● **Task instructions**:
Having located "см — Характеристики" in the listing below, write out its line and every following line exactly, last line included, without the pictures.
START Supplied information
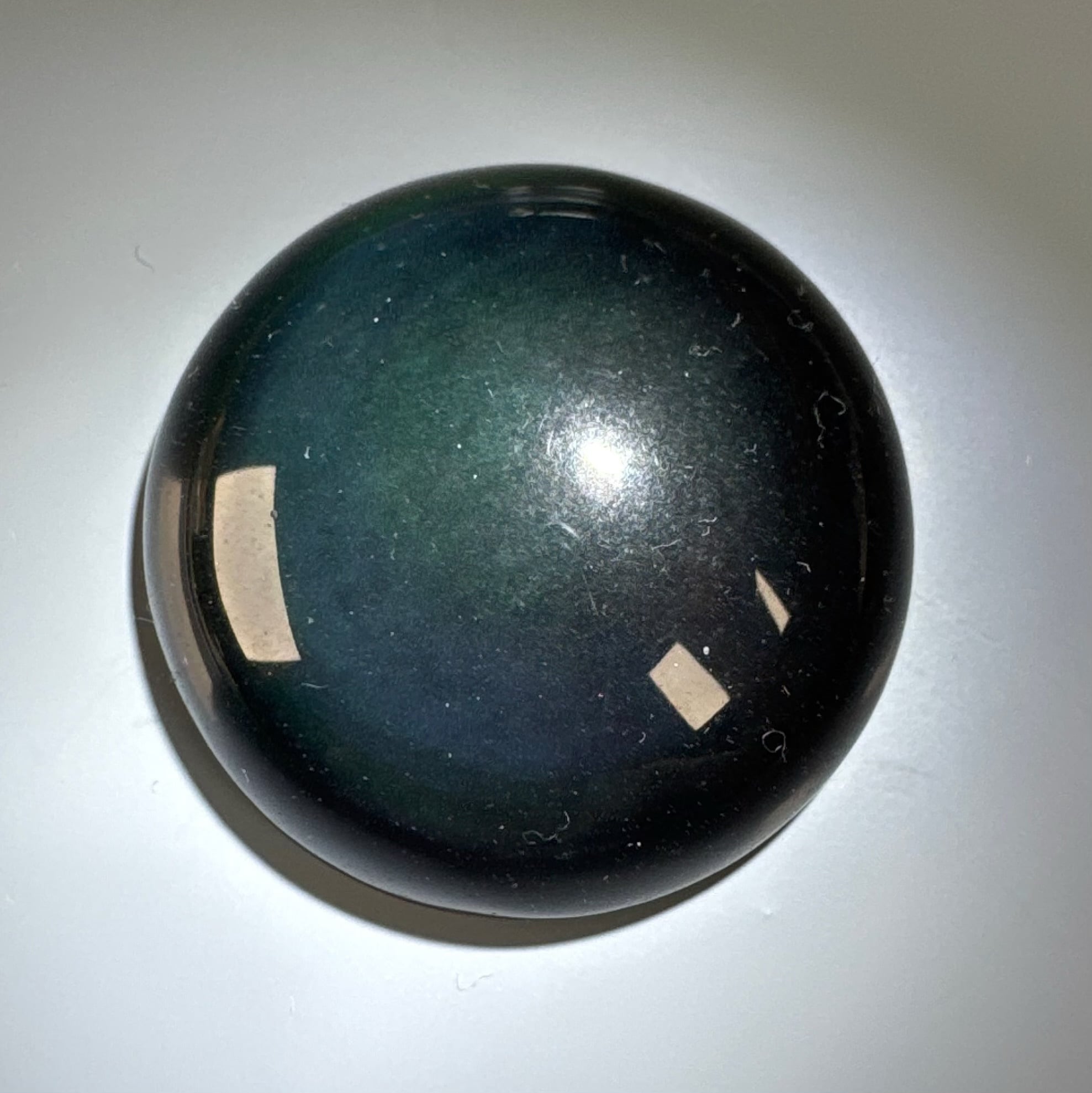 強い光で緑、紫に反射するオブシディアンです。
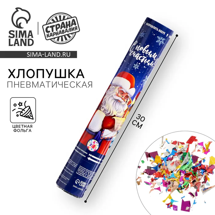 Хлопушка пневматическая «Дед Мороз», 30 см — Характеристики
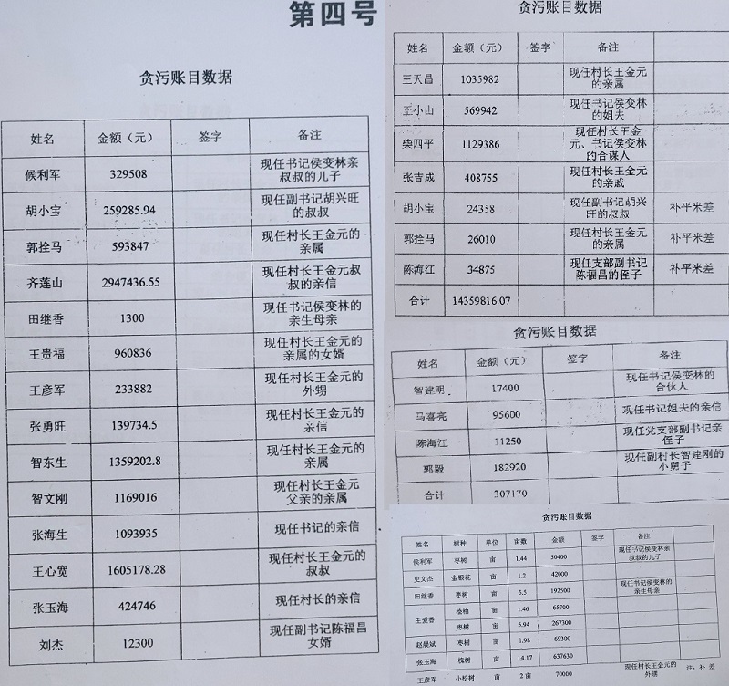村民们反映2009年侯鸿森担任村支书,2011年开始侯便让穷迫村民王金元和高利贷者柳江武认识,之后柳在4月份陆续汇给王2千万元左右,6月又汇给王金元3千余万元。王金元开始花钱请村民吃饭、给每位选他的村民一千元,到11月王金元顺利当选为村主任,为此王花了上千万元!从此侯鸿森开始大肆侵占使张村集体财产;随意挥霍村民土地补偿款,短短几年,村委会办公楼就修建盖过三次,并斥巨资进行了内部装修……如今村委账面负债累累;十多户村民拆迁了房子征收了地的款项在村支书侯鸿森监管下 从“账面”消失,生活陷入困境。
END Supplied information
● **Final answer**:
 Хлопушка пневматическая «Дед Мороз», 30 см — Характеристики
村民们反映2009年侯鸿森担任村支书,2011年开始侯便让穷迫村民王金元和高利贷者柳江武认识,之后柳在4月份陆续汇给王2千万元左右,6月又汇给王金元3千余万元。王金元开始花钱请村民吃饭、给每位选他的村民一千元,到11月王金元顺利当选为村主任,为此王花了上千万元!从此侯鸿森开始大肆侵占使张村集体财产;随意挥霍村民土地补偿款,短短几年,村委会办公楼就修建盖过三次,并斥巨资进行了内部装修……如今村委账面负债累累;十多户村民拆迁了房子征收了地的款项在村支书侯鸿森监管下 从“账面”消失,生活陷入困境。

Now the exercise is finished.